API alliances are partnerships between platforms that interchange API protocol information in order to make sharing data easy to access, extract, and manage between two or more sources and/or organizations. API alliances have the potential to drive business opportunity, cost reduction, and analytics in a number of sectors through scalable transfer of information across multiple organizations.
APIs are broken down into three tiers, which rank from high-security, in-house keys to open-source public access. The three tiers from secure to public are internal APIs, partner APIs, and public APIs. API alliances fall between partner and public, with organizations and platforms opting into the alliances.
Several of the APIs used for internal and partner platforms can be opened to the public for greater use by third-party developers. This allows telecommunication providers to further monetize their data and network, while leveraging new revenue streams.
Open access to telecommunication offers and plan data can be used by comparison applications and help drive more subscribers to the provider. Opening up APIs that securely expose user phone number and messaging can allow organizations to charge all third-party applications that use two-factor authentication via OTPs.
Many telecommunications enterprises are already participating in or planning to participate in the API economy. Potential use cases for API alliances include:
• Identifying the common business drivers for API initiatives
• Describing an API identification methodology
• Supplying telecommunications-specific examples using the
methodology
• Discussing the current state of regulatory requirements and
industry standards
• Providing recommendations for starting an API initiative
Several similar revenue options can open up for telcos with public APIs. However, a single telecommunication company may not have enough scale or access to data to become a truly game-changing resource for service providers by itself. These high-complexity API products often can benefit from co-development models with a greater resource pool. These cases drive CSPs to join together on a federated API platform, forming an API alliance.
API alliances can benefit telecommunication companies in a number of ways, most notably the scalability of operations. Normally, limiting the size of alliances is understandable due to the need to negotiate complex terms of engagement along with how revenues, physical assets, and data will be shared. The management of shared assets and activities can become complex, especially with added human interaction. In addition, sharing physical assets and integration of data usually demands substantial investment that is typically specific to each relationship.
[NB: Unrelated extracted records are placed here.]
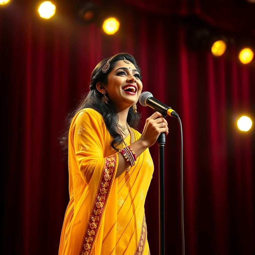 This image shows a charismatic Indian woman in a vivid yellow kameez salwar, singing on a stage with golden spotlights. The background features a crimson velvet curtain, rendered with deep saturation and dynamic lighting.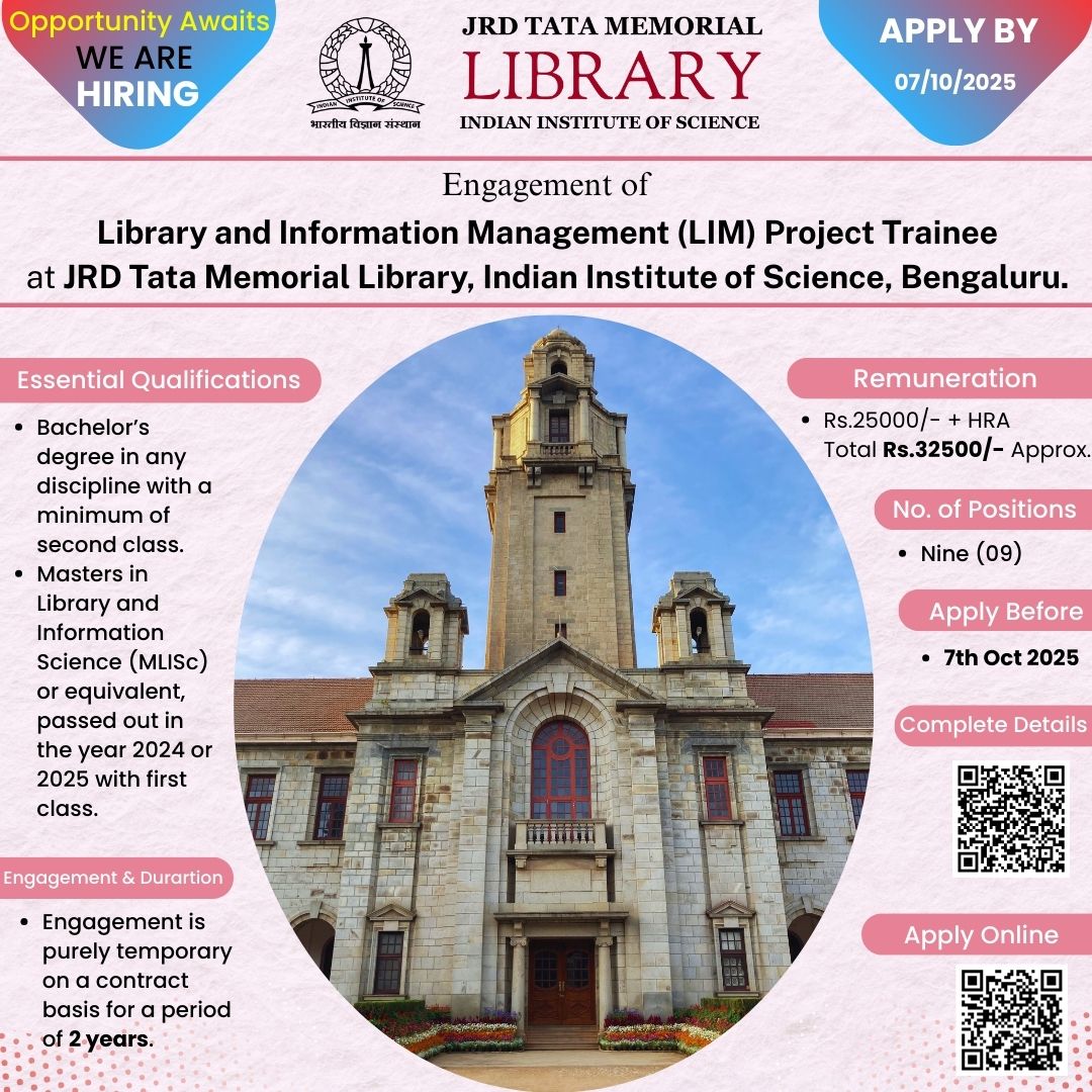 Dear Professionals Greetings! Please bring the following announcement to the notice of interested candidates. Indian Institute of Science <https://iisc.ac.in/> (IISc), Bengaluru, invites applications for *09 positions* of LIM Project Trainee in the JRD Tata Memorial Library <https://library.iisc.ac.in/> (JRDTML) at the Institute. *Essential Qualifications:* Bachelor’s degree in any discipline with a minimum of second class and Master's in Library and Information Science (MLISc) or equivalent, passed out in the year 2024 or 2025 with first class. *Nature of Traineeship:* Learn and develop professional skill sets while you work on different functions and services of the library using emerging tools and technologies. *Duration:* Engagement is purely temporary on a contract basis for a period of *2 years.* *Remuneration:* Rs. 25,000/- + HRA (*Gross Amount Rs.32,500/-* *Approximately*) per month. *Selected Project Trainees are expected to work 6 days a week on any of the three shifts, including night shift duties and public holiday duties on a rotation basis.* *For complete details about this announcement, please visit*: https://iisc.ac.in/wp-content/uploads/2025/09/2.-Advertisement-1.pdf *For submission of the online form, please visit*: https://recruitment.iisc.ac.in/Temporary_Positions/ *Deadline for submitting applications:* 7th October, 2025. [image: forum-2.jpg] Best Regards Umesh --- Umeshareddy Kacherki Ph.D Librarian, Indian Institute of Science Bengaluru - 560012, Karnataka, India.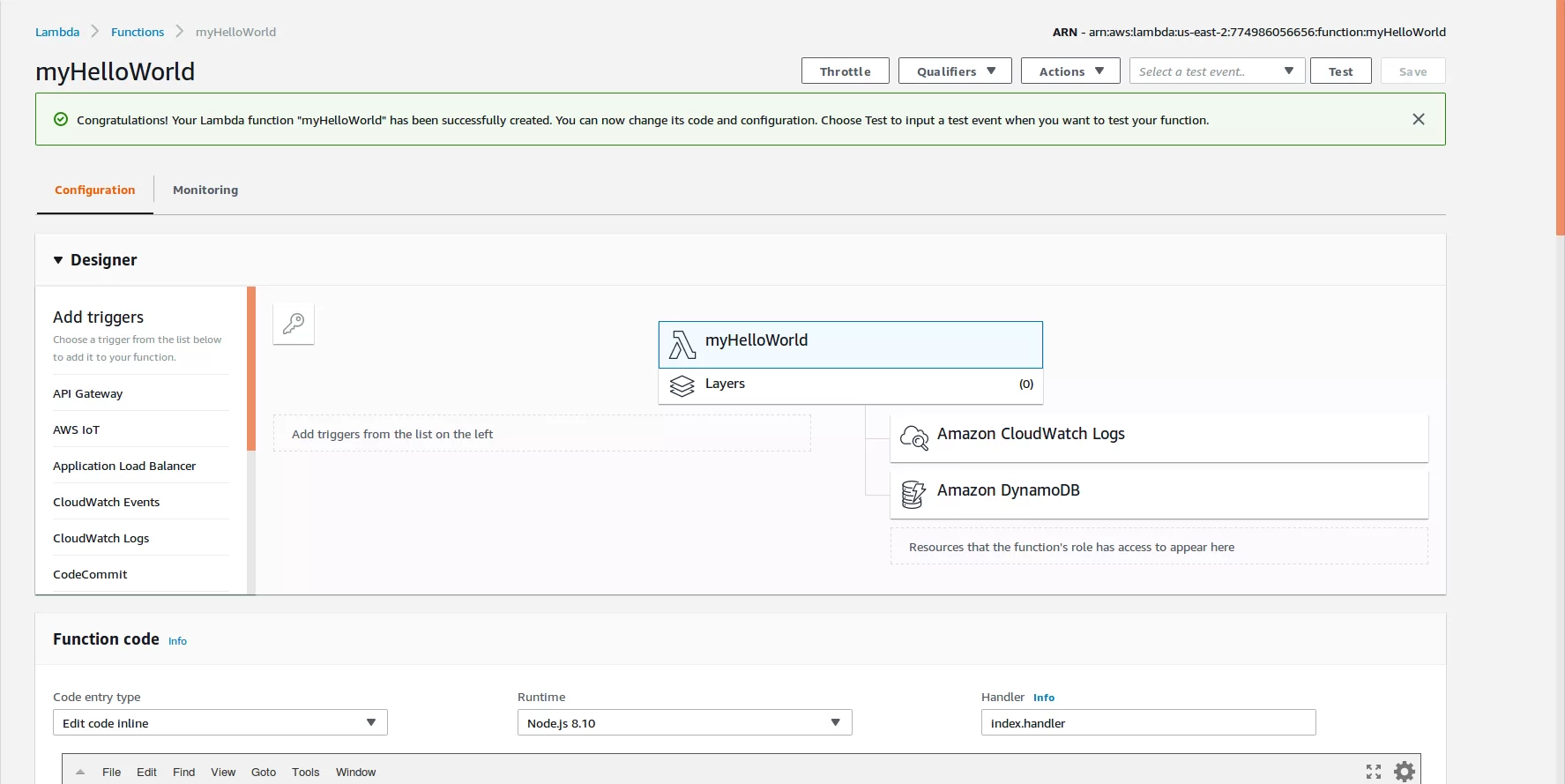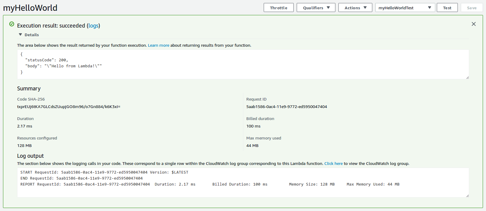 When testing, logs are displayed directly in the test results and the built-in editor. In addition, for each function call including testing, logs are recorded in the CloudWatch service. For our function a separate group /aws/lambda/myHelloWorld will be created in which all logs will be stored.
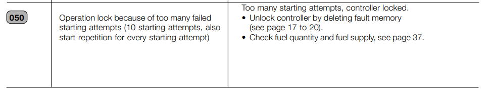 Fault code 50 is a lockout due to too many failed starts of the heater. Please check there are not any other fault codes that could indicate why the heater has failed to start in the first place.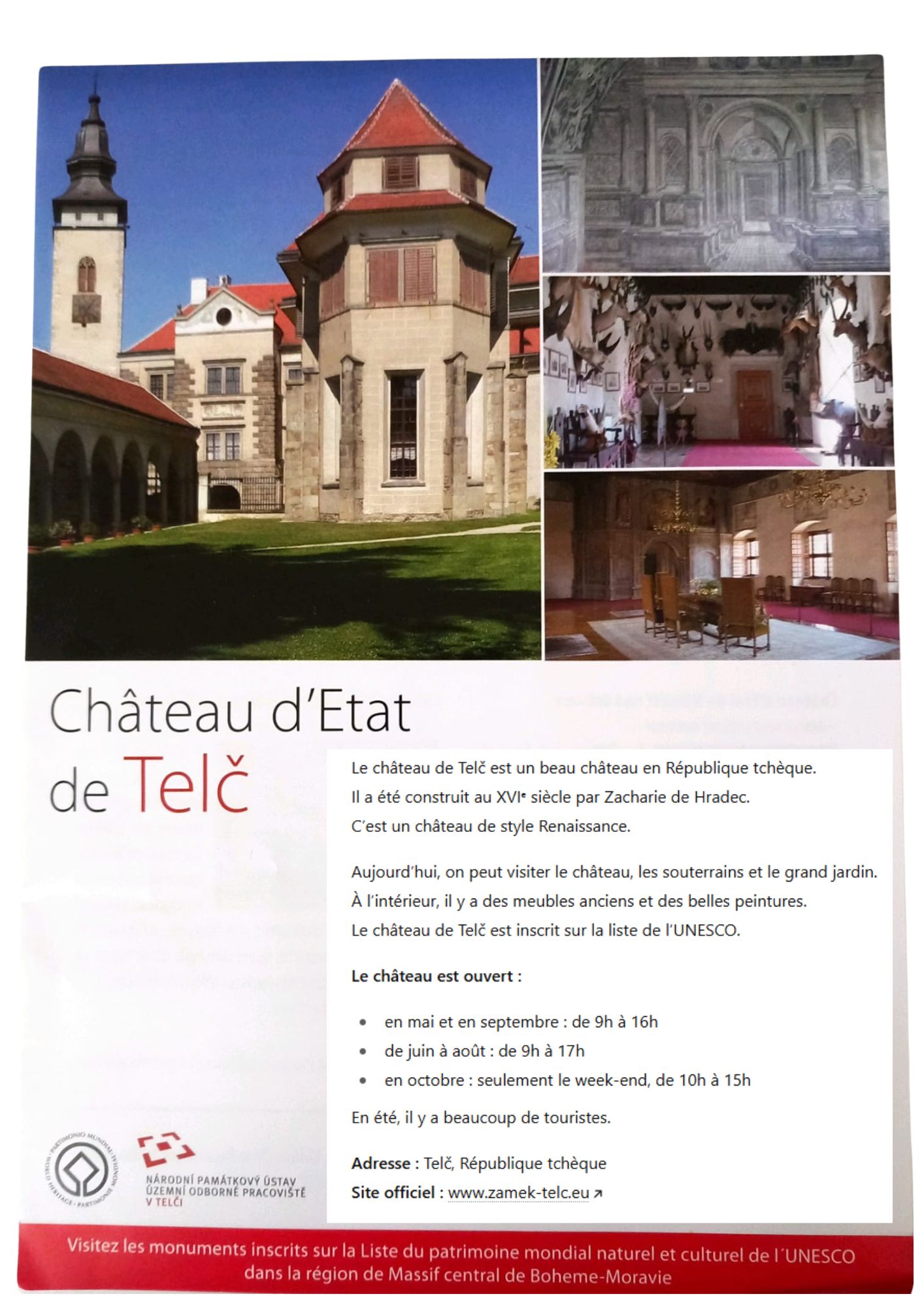 4. Combien coûte l’entrée? (Tato informace v letáku schválně chybí, je potřeba ji vyhledat na internetových stránkách zámku ZDE).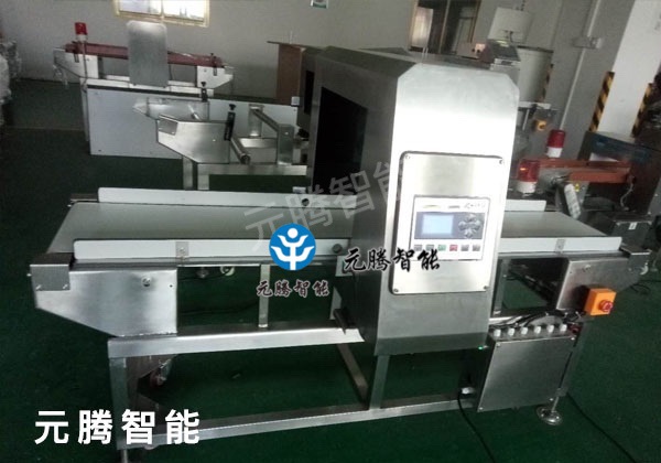 如果包装物本身含有金属或者最后的包装太大无法得到很好的探测灵敏度,这时,就要将金属检测仪安装在包装机之前。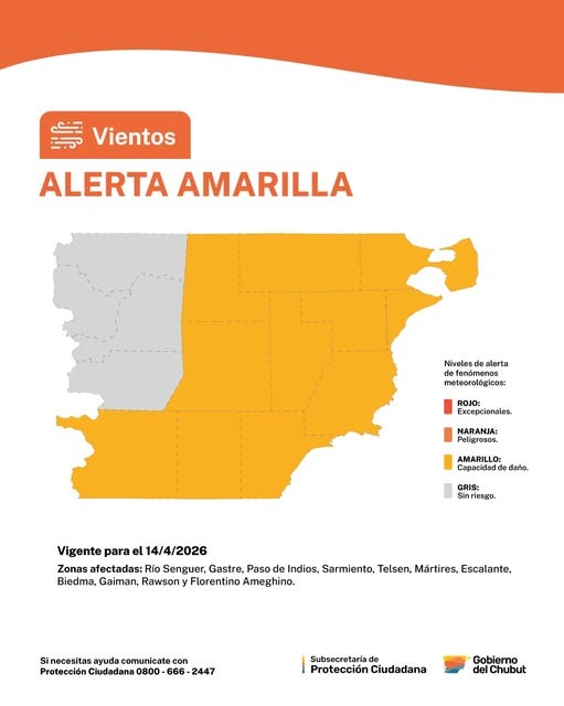 La Secretaría de Protección Ciudadana emitió este lunes, “alerta amarilla” por vientos prevista para la madrugada-mediodía del martes 14 de abril.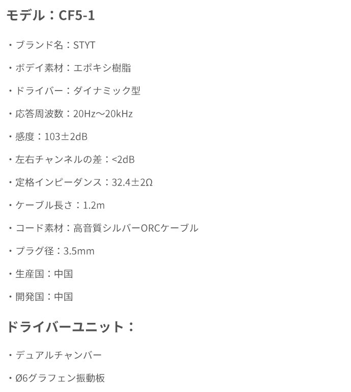 「STYT」は、固定観念にとらわれない斬新なアイデアにより、プレミアムイヤホンの開発に挑戦しました。そして今回は、よりリアルでダイナミックなサウンドと優れた再現性を兼ね備えた、デュアルチャンバーイヤホン「CF5-1」を自信持ってお届けします。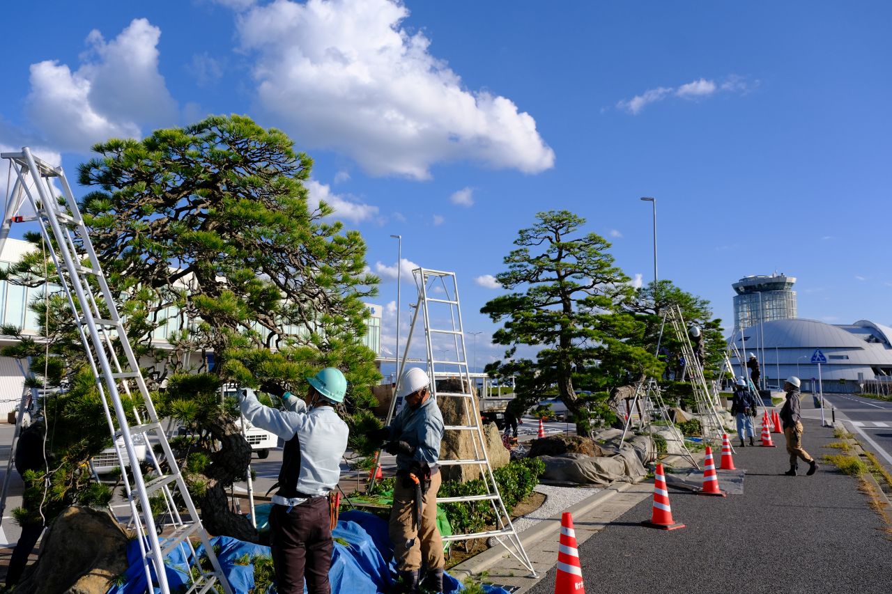 小春日和のなかを現代の名工による技術指導で大型クルーズ船の観光客をはじめ皆さまをおもてなしする山陰らしい美しい景観づくりを行いました。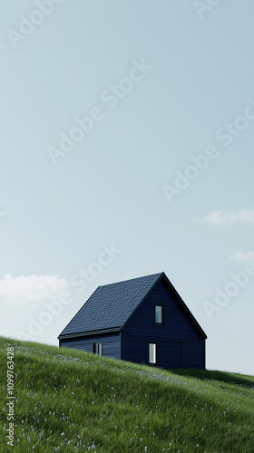 Isolated Nordic-style house in deep blue on a lush hill with a clear sky.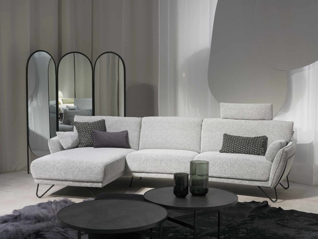 Weit mehr als nur eine Sofalandschaft. Die Sitztiefenverstellung passt sich Ihren Bedürfnissen an und die optionale Kopf- Seitenverstellbarkeit bieten zusätzlichen Komfort. Das Sofa passt sich Ihrem Sitzverhalten an. Wählen Sie aus über 100 Stoff und Lederfarben. Zusätzlich können Sie zwischen zwei verschiedene Füssen in jeweils schwarz oder silber wählen.
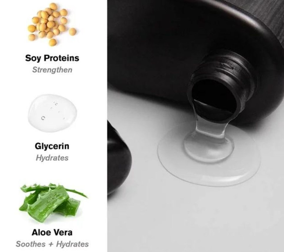 Được làm từ nhiều thành phần có nguồn gốc tự nhiên như chất hoạt động bề mặt có nguồn gốc từ dừa để làm sạch, protein đậu nành giúp củng cố và dưỡng tóc và lô hội giúp dưỡng ẩm và làm dịu da.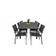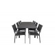 Marbella Loungesæt - Havemøbelsæt med Copacabana stole er den perfekte tilføjelse til enhver terrasse eller have. Bordet er udtrækkeligt, hvilket giver mulighed for større middagsselskaber! Dette elegante sæt i sort aluminium og textilene er både stilfuldt og holdbart. Skab uforglemmelige øjeblikke med venner og familie omkring dette smukke Loungesæt - Havemøbelsæt.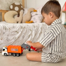 Interaktywna śmieciarka to doskonale wykonany model miejskiego pojazdu komunalnego, który zachwyci każdego małego miłośnika miejskich pojazdów. Wykonana z trwałych materiałów i w charakterystycznej pomarańczowo-białej kolorystyce, stanie się ulubioną częścią kolekcji zabawek twojego dziecka.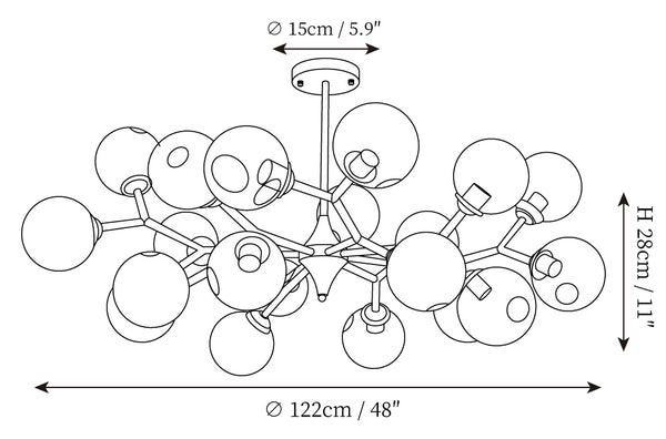 • 15Heads Size: Dia 106cm x H 28cm / ∅ 41.7″ x H 11″

As a result, as the number of traditional alliance partners increases, the cost and complexity of data integration escalates non-linearly.
API alliances nullify these negative aspects, due to the terms of engagement and revenue sharing being highly automated. Informational assets replace physical assets as the key resources shared, and data-integration investments don't need to be relationship specific. For example, Expedia's publicly described APIs (Expedia Affiliate Network) make it possible to integrate data across numerous partners, which include almost all competing airline companies and thousands of hotels, resorts, rental car companies, and payment-service providers. There does not need to be any limit on the number of partners signing up. In fact, the more partners that sign up, the more Expedia benefits, with marginal, if any, increase in costs and complexity.
Companies frequently forge API alliances to gain flexibility and share risks in new ventures or to leverage complementary resources. Traditionally, implementation costs associated with such objectives and the fact that not all companies are suited to share risks or offer complementary resources restricts firms to working with a narrow set of partners.
These dimensions of APIs take business partnerships to an entirely new level, by revolutionizing traditional business alliances and partnerships through scalability, flexibility, and fluidity. As a result, API Alliances have the potential to create huge improvements to business segments and innovation.
Telecoms operators have spent several years trying to decide whether and when to develop their own open APIs.
Most telecommunication organizations today are at the initial stages of API maturity, with a broad vision and some basic APIs at play. Some have an API platform, exposing internal APIs like messaging or payment for third-party providers. However, a large challenge is scaling API programs, unifying different development tracks, and moving them to a federated API platform. For this, organizations and providers have to look for experienced teams that can take them from separate system operators to unified API members.